Не во имя своих удовольствий, не ради славы и денег жили эти люди. А сколько героев захоронено в братских могилах. Безымянных. Они погибали ради будущего.

Вон оно стоит. Наше будущее, "цветы жизни" - с банками пива и сигаретами в зубах. В ожидании дискотеки и салюта. А после, в полупьяном бреду, доползут они домой, оправдываясь: "Праздник, блин…".

Так с кого, с каких героев брать пример подрастающему поколению? Вопрос этот, налипший жвачкой в зубах, смешон и банален. До такой степени изуродовано и опошлено это понятие. В огромной великой стране не осталось больше героев.

"Ты не патриотка, проамериканская стерва, вскормленная на российском хлебе!" - выплеснет мне за шиворот дикий вопль бешеная обезьяна.

Не патриотка…Красивое слово.
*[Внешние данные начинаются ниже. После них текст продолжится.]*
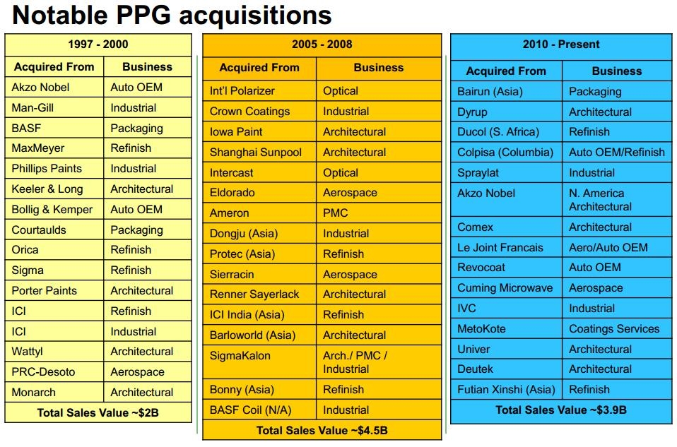 今年以来,全球涂料市场发生了多起巨头间的整合并购,比如PPG欲收购阿克苏诺贝尔,阿克苏诺贝尔欲与艾仕得进行对等合并,立邦谋划收购艾仕得;此外,宣伟完成收购了威士伯,成为全球最大涂料生产商。
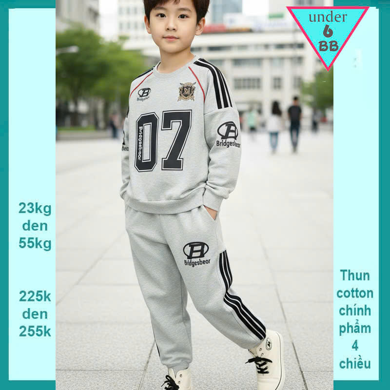 Đồ bộ bé trai tay dài in số 07 phong cách cá tính dành cho bé đi chơi , du lịch
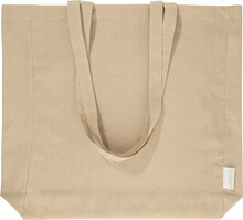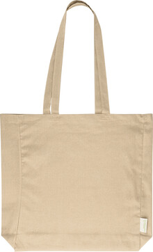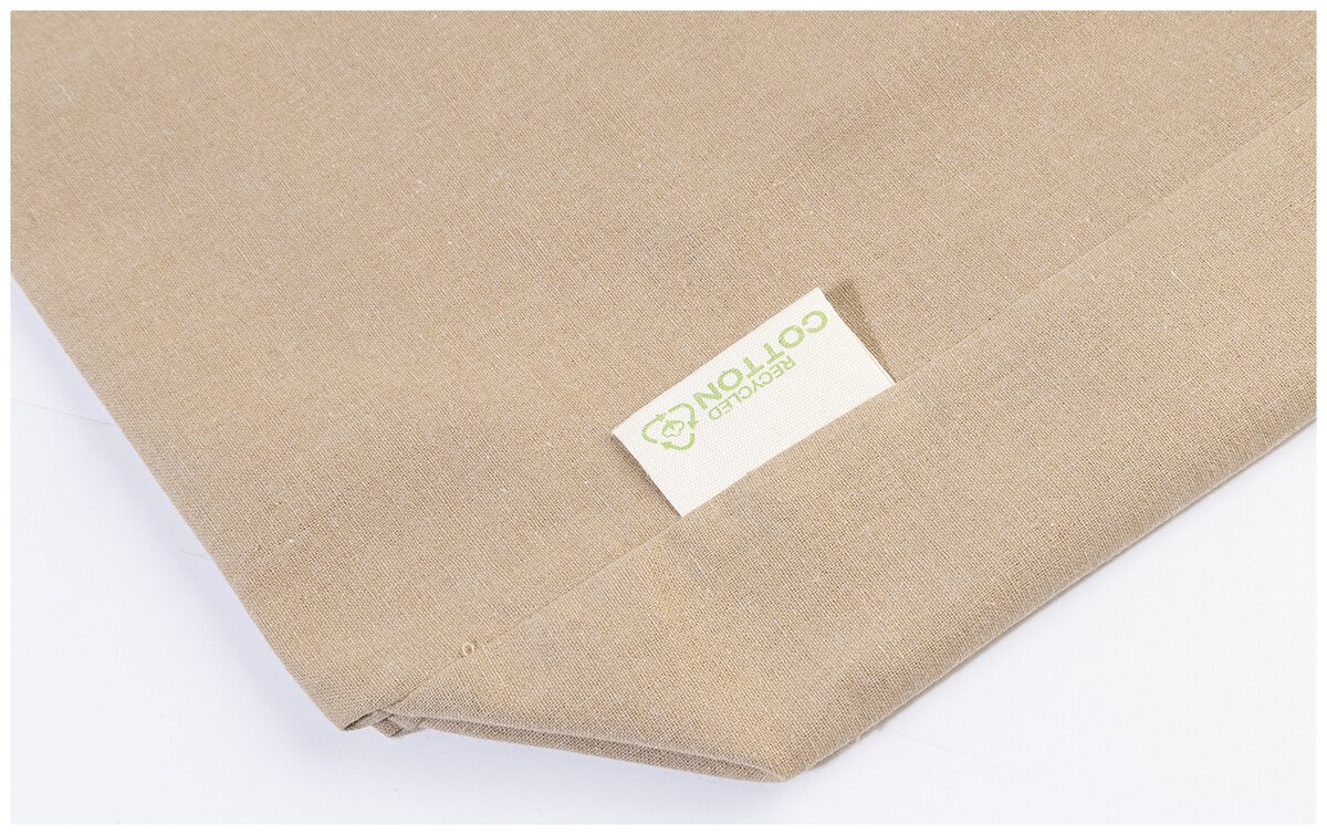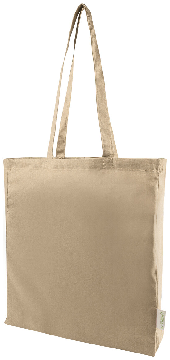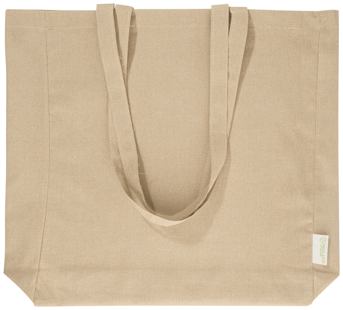 Nákupní taška s klínkem a dlouhými uchy ze 70 % recyklované bavlny a 30 % RPET polyesteru, 140 g/m2. S výraznou etiketou o recyklované bavlně.
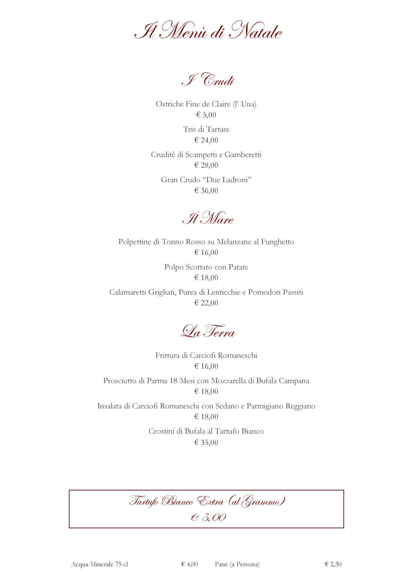 Siamo molto felici di comunicare che il 25 Dicembre 2018, il Ristorante Due Ladroni sarà aperto con un Menù alla carta dedicato.
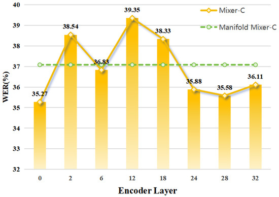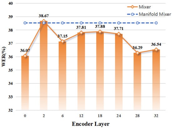 For Mixer, it can be observed that when the maximum mixing value is 0.1, the model’s performance is better. As the maximum mixing value increases, Mixer’s performance begins to decline, reaching its lowest point at 0.5. When the ratio exceeds 0.5, the performance starts to rise, and the WER reaches its minimum value when the maximum mixing value of WER is 1. We have analyzed the reasons behind this phenomenon. Since , a decrease in leads to an increase in , and transitions from resembling more to resembling more. Consequently, when the maximum mixing value approaches 0 or 1, the change in relative to the input is actually smaller. However, when the maximum mixing value is close to 0.5, the change in is significant, which may introduce excessive fluctuations and affect the performance. Finally, we can observe similar experimental conclusions for Mixer-C, but it can be seen that the performance of Mixer-C is overall better than that of Mixer. And the performance is superior to the maximum mixing weight until 1. This indicates that enhancing channel information is very important for Whisper-Large-v3.

Еще одно. Замусоленное, затертое и опошленное наравне с героизмом.

ЧАСТЬ 3. Игры патриотов

Мы (Россия) - самые лучшие, самые красивые и, конечно, умные. Остальные - дураки. Мы - голубая кровь, слоновая кость, красное дерево, короче, чистое золото. Остальные - черви. Куда им всем до русской души…

Красиво поют "патриоты". Брызгая слюной, с ненавистью и безумием в глазах. Правда, ничего общего с патриотизмом все это не имеет. Перед вами чистейшей воды, абсолютнейший "гитлеризм".

Отовсюду несется жалобный вой, что русским в своей стране ни вздохнуть, ни продохнуть. Поэтому, ни секунды не медля, начинаем борьбу за чистоту нации, отыскивая арийские черепа (хоть и без мозгов), отстреливая по пути неудачников с раскосыми глазами и бронзовой кожей.

Когда же люди научатся отличать патриотизм от национализма? Необходимо провести четкую границу между этими понятиями и не подменять одно другим.

Чеченцы все сплошь бандиты, арабы - террористы, евреи вообще Христа распяли…

Но из‑за паршивой овцы не режут стадо. Из‑за одного мерзавца нельзя ставить клеймо на всех.

Повторяя беспрестанно: "Мы лучше", - человек пытается подавить свой комплекс неполноценности, осознавая, что на самом деле - "мы хуже". Ведь так просто, сидя на диване, плакать и жаловаться на жизнь, оскорбляя тех, кто умнее, трудолюбивее. "Ишь, какой дом отгрохал, жидовская морда!". И легче на душе стало.

А надо бы поднять свою попу с дивана и что‑нибудь делать, создавать. Это трудно. Поэтому "до основанья все разрушим", а после - "новый мир построим, кто был ничем, тот станет всем". Но, надев на себя красивый дорогой костюм, невозможно стать ВСЕМ. Так как под костюмом будет НИЧТО. Кто‑то спросит: " А причем здесь патриотизм?". Люди с душонкой НИЧТО, напялив на себя одежду с надписью "патриот", зарезали грузинского юношу, искромсали 9–летнего ребенка, "хачову девку"…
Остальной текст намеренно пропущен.